Le guérillero argentin s’est distingué dans la lutte de guérilla dans la Sierra Maestra et a été nommé commandant, le grade le plus élevé. Déjà dans la Sierra Maestra, même s’il n’a jamais adhéré au vieux parti communiste cubain, Guevara a commencé à collaborer avec lui. À la fin de 1957, lorsque le Che a créé sa première école de formation politique pour cadres dans la Sierra Maestra, il a demandé au PSP de lui envoyer son premier instructeur politique. Le PSP a envoyé Pablo Ribalta, un communiste cubain, noir, jeune mais expérimenté qui, des années plus tard, a été nommé ambassadeur en Tanzanie, devenant ainsi le principal contact avec La Havane lorsque Che Guevara s’est engagé dans la guerre de guérilla au Congo.[6]

Contrairement à d’autres dirigeants du Mouvement du 26 juillet, Guevara s’est montré très ouvert sur ses positions politiques. Par exemple, il a entamé un dialogue avec « Daniel » (le commandant René Ramos Latour), dont la politique est qualifieé par Paco Ignacio Taibo II d’« ouvriériste radicale et nationaliste » et qui est mort plus tard lors d’un affrontement dans la Sierra Maestra. Dans une lettre que le Che lui écrit le 14 décembre 1957, et que Guevara qualifiera plus tard de « plutôt stupide » mais sans expliquer les raisons de cette qualification, il dit à « Daniel » : « J’appartiens par ma préparation idéologique à ceux qui sont convaincus que la solution aux problèmes du monde se trouve derrière ce qu’on appelle le rideau de fer et je considère ce mouvement comme l’un des nombreux mouvements provoqués par le désir de la bourgeoisie de se libérer des chaînes économiques de l’impérialisme. »

Dans la même lettre, Guevara continue de décrire Fidel Castro comme un authentique leader de l’aile gauche de la bourgeoisie, mais qui possède des qualités qui le placent bien au-dessus de sa classe. Il félicite également Fidel pour les actions importantes qu’il a récemment menées en direction de secteurs opportunistes de l’opposition, admettant sa honte de ne pas avoir prévu qu’il serait en mesure de les entreprendre.[7]

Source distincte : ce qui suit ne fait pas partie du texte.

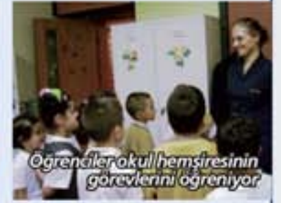
Öğrenciler okul hemşiresinin görevlerini öğreniyor
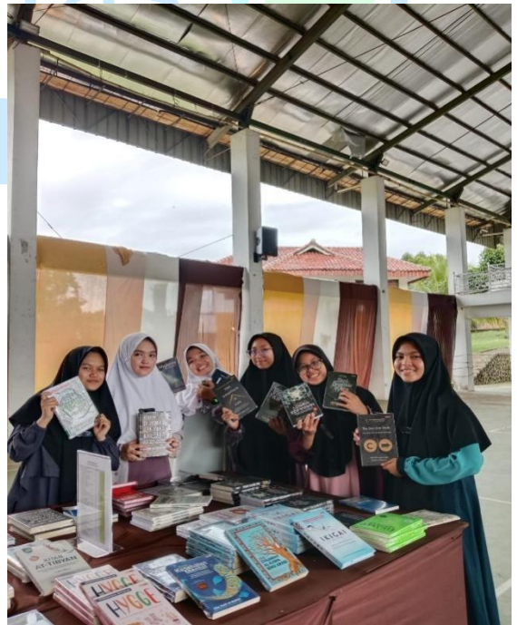
Pameran Buku di Darunnajah 2 Cipining

L’étroite collaboration du Che avec l’ancien PSP a duré près de quatre ans, y compris les années critiques de la consolidation du système communiste cubain. Au début de 1959, il y avait trois tendances au sein du gouvernement révolutionnaire. La tendance libérale, dirigée par les ministres Roberto Agramonte, Elena Mederos et le président Manuel Urrutia. La tendance nationaliste révolutionnaire que Paco Ignacio Taibo II décrit comme un secteur de gauche qui combinait « l’anti-impérialisme avec une forte critique des communistes considérés comme conservateurs et sectaires »[8]. Ce groupe anti-impérialiste comprenait David Salvador, principal dirigeant de la CTC (Confédération des travailleurs de Cuba), Carlos Franqui, directeur du journal Revolución, organe du Mouvement du 26 juillet, et d’autres dirigeants importants du Mouvement du 26 juillet comme Marcelo Fernández et Faustino Pérez. La troisième tendance était formée par une alliance de plusieurs dirigeants révolutionnaires importants, tels que Guevara et Raúl Castro (chef des forces armées), avec le PSP.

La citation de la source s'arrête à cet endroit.